▼

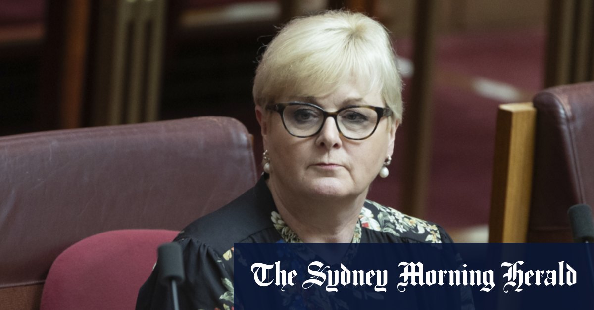 Liberal Senator Wendy Askew is sworn in at Parliament House in Canberra in 2019.Credit: Alex Ellinghausen
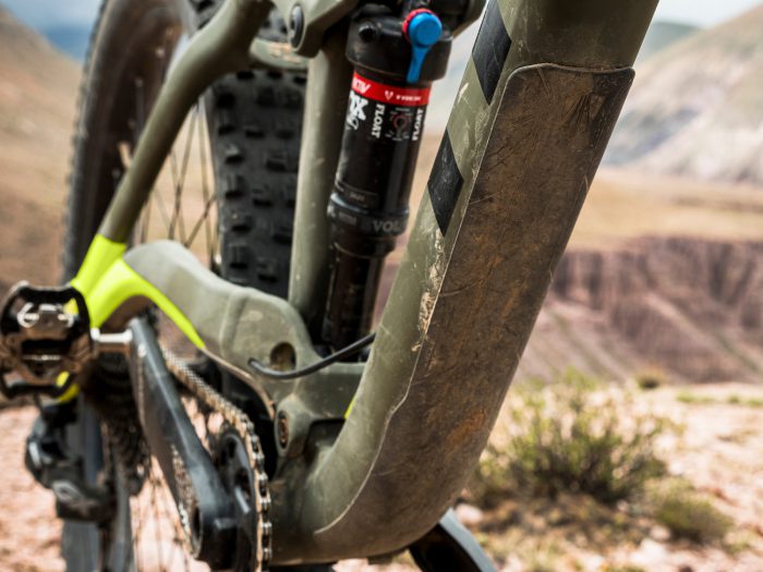 29×3.0と大径で太いタイヤを装備。そして前後サスペンションは130mmトラベルとなっています。タイヤとフレームのクリアランスを確保し、ペダリング効率に優れた機敏な走りを実現するために、エレベーテッドチェーンステーとなっているのも大きな特徴です。
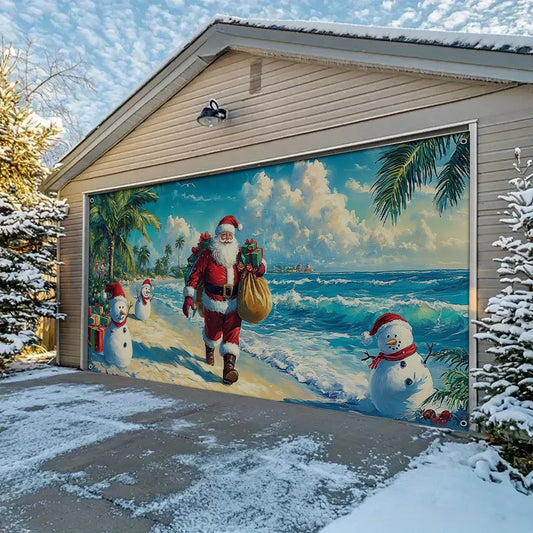 Shineful Garage Door Banner Decoration - Tropical Christmas Santa’s Beachside Holiday with Snowmen
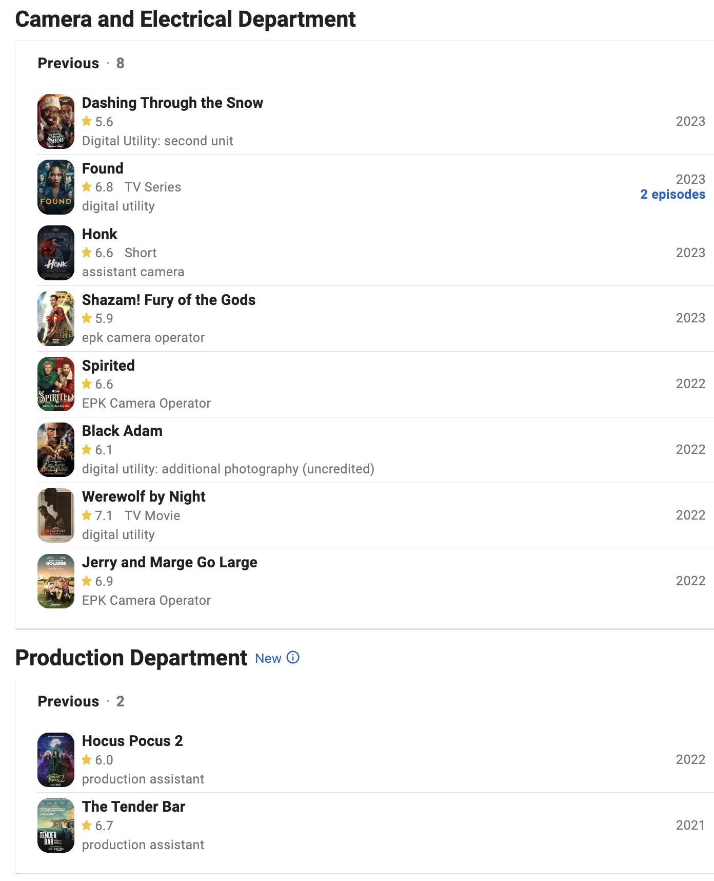 IMDB Film Credits
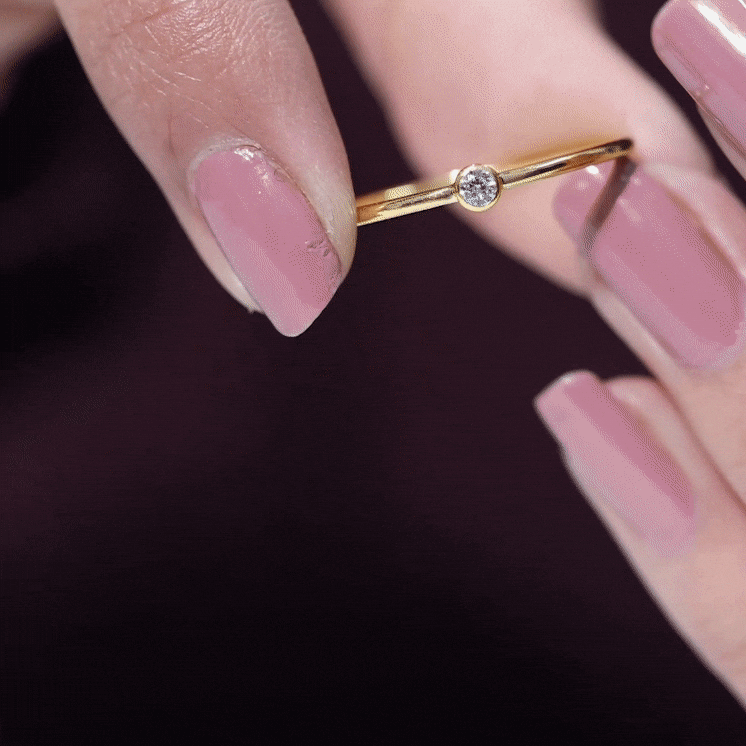 Create a meaningful pledge with this exquisite Diamond Promise Ring, a captivating piece of jewelry that exudes a radiant sparkle accentuated by a delicate Round Diamond in a Bezel Setting. This elegant Dainty Diamond Ring embodies timeless sophistication, making it a perfect symbol of your enduring commitment. Whether it is a token of affection for your beloved or a memento to commemorate a cherished moment or adventure in your life, this dainty and Stackable Diamond Ring is certain to add a touch of radiance to your day. Whether it serves as a prelude to an engagement ring or a reminder of a special milestone or experience, promise rings are an ideal way to honor a significant occasion. Additionally, this Diamond Ring can be elegantly paired with other wedding bands or worn alone for a striking effect.

▲

YOUR INSTRUCTIONS
Leave the pictures out, then output exactly the lines from the "Shineful Garage Door" line through the end of the records above, and no others.

EXERCISE ANSWER
 Shineful Garage Door Banner Decoration - Tropical Christmas Santa’s Beachside Holiday with Snowmen
 IMDB Film Credits
 Create a meaningful pledge with this exquisite Diamond Promise Ring, a captivating piece of jewelry that exudes a radiant sparkle accentuated by a delicate Round Diamond in a Bezel Setting. This elegant Dainty Diamond Ring embodies timeless sophistication, making it a perfect symbol of your enduring commitment. Whether it is a token of affection for your beloved or a memento to commemorate a cherished moment or adventure in your life, this dainty and Stackable Diamond Ring is certain to add a touch of radiance to your day. Whether it serves as a prelude to an engagement ring or a reminder of a special milestone or experience, promise rings are an ideal way to honor a significant occasion. Additionally, this Diamond Ring can be elegantly paired with other wedding bands or worn alone for a striking effect.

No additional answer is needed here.